Now that you know a little bit more about how I structure my life while I’m on call, let’s talk about what my being on call means to you.
First of all, when it comes to all the pieces of my work life, attending a birth always comes first. Massages are cancelled or rescheduled; I have a back-up teacher cover for me at my childbirth classes; and all other types of appointments are rescheduled as well. Basically, everything else can be rescheduled, but when a baby is ready to be born, we can't reschedule that!
My on call period starts at 37 weeks and lasts until my client gives birth. (37 weeks is considered full term, and most healthy pregnancies will last to 37 weeks or beyond.) Starting at 37 weeks, my phone is set up so that your call always rings through; I’m in town and ready to go; and I’m available 24/7 to join you in labor.
So what happens if you go into labor early? On two occasions, clients have gone into labor a little before 37 weeks, and in both cases I was still able to join them. Keep in mind that even when I’m not yet on call for one particular client, I’m likely still on call for someone else.
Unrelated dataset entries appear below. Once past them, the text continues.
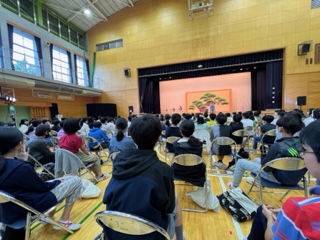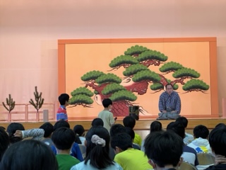 6月2日金曜日、お隣の船橋小にて古典芸能鑑賞教室がありました。室町時代から続く「狂言」について分かりやすくお話いただき、その後に「附子」を鑑賞しました。子どもたちからは時折笑い声が聞こえ、「狂言」の面白さを味わっているようでした。
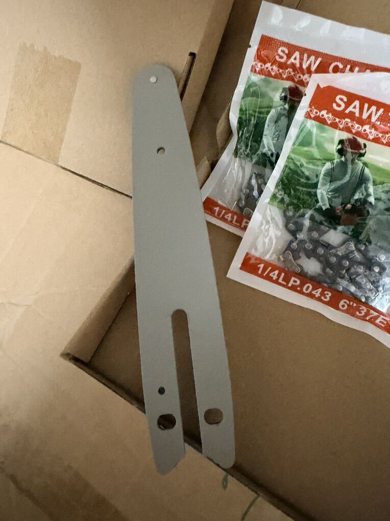 Venmo6 Inch Chainsaw Chain and Guide Bar, Replacement Chain Saw Bar and Chains for 6 inch Mini Cordless chainsaw. I’ve got 3 new boxes of these for a total of 12 chains and 3 blades all together.
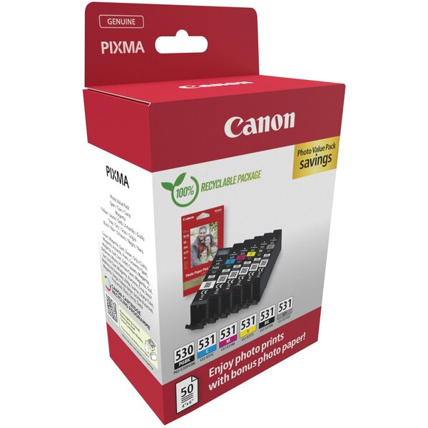 Canon Tintenpatrone Multipack PGI-530 und CLI-531 plus Papier, für Canon Drucker, 1 x 18,5 ml, 5 x 8,5 ml, fotoschwarz, schwarz, cyan, magenta, gelb, grau

I use this 37 week marker to allow myself a few times each year when I can be a little less attached to my phone, take that long hike at Turkey Mountain, or maybe even get out of town for a night or two. In October, for example, all of my clients had given birth before the last weekend of the month, and I didn’t have anyone else due for about 5 weeks. My wife and I took an impromptu overnight trip to Bentonville to visit Crystal Bridges art museum; it might as well have been a week-long beach vacation for how luxurious it felt to take a last-minute trip!
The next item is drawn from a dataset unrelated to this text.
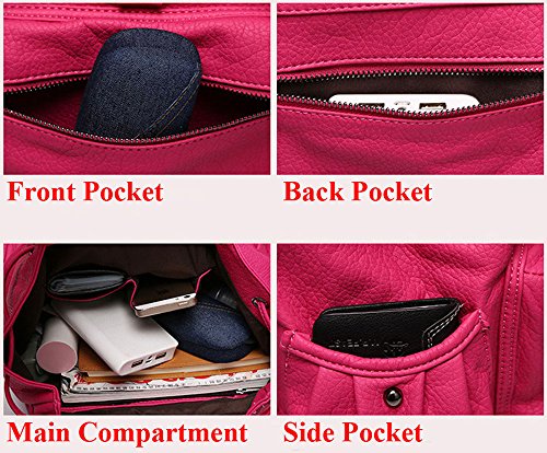 -. Feature : Material: Faux Leather / Size Approx:11.81"(L)*12.99"(H)*5.91"(H) / It can be used in different occasions:school, travel, hiking, camping or street / Adjustable shoulder straps, you'll have plenty of options for carrying your satchel handbag.: tote, shoulder bag, backpack / Roomy interior and exterior pockets design give you lots of storage options.

I always work with dedicated back-up doulas, because even with my most careful planning, I could have more than one client in labor at the same time, or I could come down with the flu or have a family emergency. On occasion, I partner with a specific back-up doula if I know I’ll be unavailable during part of the on call period for any given client, or if I have a trip planned right before the on call period begins.
My Backup Doula(s)
My current back-up doulas are fantastic doulas who are participating in a mentoring group with me. Brigid Vance and Molly Sinnett both trained with toLabor, the doula organization I trained and certified with. When I began mentoring other toLabor doulas in the area, both of these women stood out to me for their passion, kindness, and desire to help families have more satisfying birth experiences.
After matching you up with your back-up doula, I will send you an email introducing you to each other and encouraging you to set up a time to chat briefly if you’d like to get to know your back up doula better. Brigid is also a Child Passenger Safety Technician, and available to help you check your car seat installation. Many parents will arrange to meet her in this capacity!
(As Brigid and Molly work towards certification, they are also available to attend your birth as a second set of helping hands. Let me know if you are interested in this option at no additional cost in your doula package.)